Why doesn’t he talk to me? I hold my hand out for the form, but it’s Superintendent Webber who takes it from the lawyer. He indicates that I must follow him.
I walk meekly behind him to the charge office. He beckons to a constable.
“If there are any mistakes, draw a line through them and correct them.”
I jump slightly at the voice behind me, I had not realised that the lawyer had followed us. I read through the statement quickly, look up at the constable as I swear the oath and sign in the designated space.
Back in the superintendent’s office, Auntie Miriam hands me some clothes. Jeans, tackies without laces, underwear, a blouse, light jacket. Soap, no shampoo, deodorant, toothbrush, no toothpaste, towel.
“They took the shampoo and the toothpaste, worried that you might drink it or eat it. Also your laces.”
I nod.
“Superintendent Webber says you may have a shower before you go back.”
“You can shower in the cell.” The superintendent talks to me for the first time. “I’ll see to it that you get toothpaste.”
I stand still outside the door. I turn around so that I can stare at the three faces. So that I can burn every detail into my memory. Am I doing the right thing? Shouldn’t I . . .?
No, I mustn’t. I am doing the right thing.
The constable locks the first gate carefully, leaves the door open. “Shower and get dressed, I don’t have much time.”

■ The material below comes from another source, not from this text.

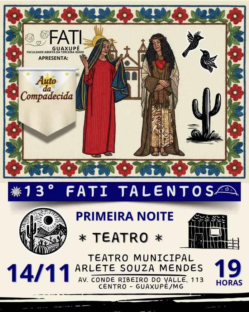 O "FATI Talentos 2025" será realizado em dois momentos este ano, com apresentações culturais programadas para acontecerem nos dias 14 e 15 de novembro, no Teatro Municipal Arlete Souza Mendes, em Guaxupé, na região Sudoeste mineira. Resultado de atividades desenvolvidas durante o ano, as exibições encerrarão mais uma temporada de sucesso da Faculdade Aberta da Terceira Idade, mantido pelo Centro Universitário da Fundação Educacional Guaxupé, via Associação Renascer.

I turn on the tap, the water is cold. Stand shivering and naked under the meagre trickle of water, wash my hair, soap my body. Hold the toothbrush out to the constable so that she can apply some toothpaste. Brush and brush to get the sour taste out of my mouth.
She hands me the towel. I dry myself, pretend that I do not feel her eyes on my body. Spray deodorant. Dress.
“Thank you, Constable.”
She takes the redhead’s gym clothes, holds out her hand for the toiletries and the towel. “I’m going to need them tomorrow,” I protest.
“Not allowed to keep them. I’ll see that you get them back. Come.”
She unlocks the cell door, the gate. When she wants to shut the door behind me, I stop her by placing my hand on her arm. She does not draw back, she does not draw her service pistol, she just looks at me with something like sympathy.
“Are the lights switched off at night?” I ask to make sure.
“No,” she answers softly. “Here it never gets completely dark.”
That’s good, I don’t like the dark.
When I lie down on the mattress again, this time with everything, even my tackies, on, I allow myself to cry for the first time. Allow myself to hope for the first time. Tomorrow the lawyer is going to apply for bail.
Auntie Miriam said, “This time tomorrow you will be home.”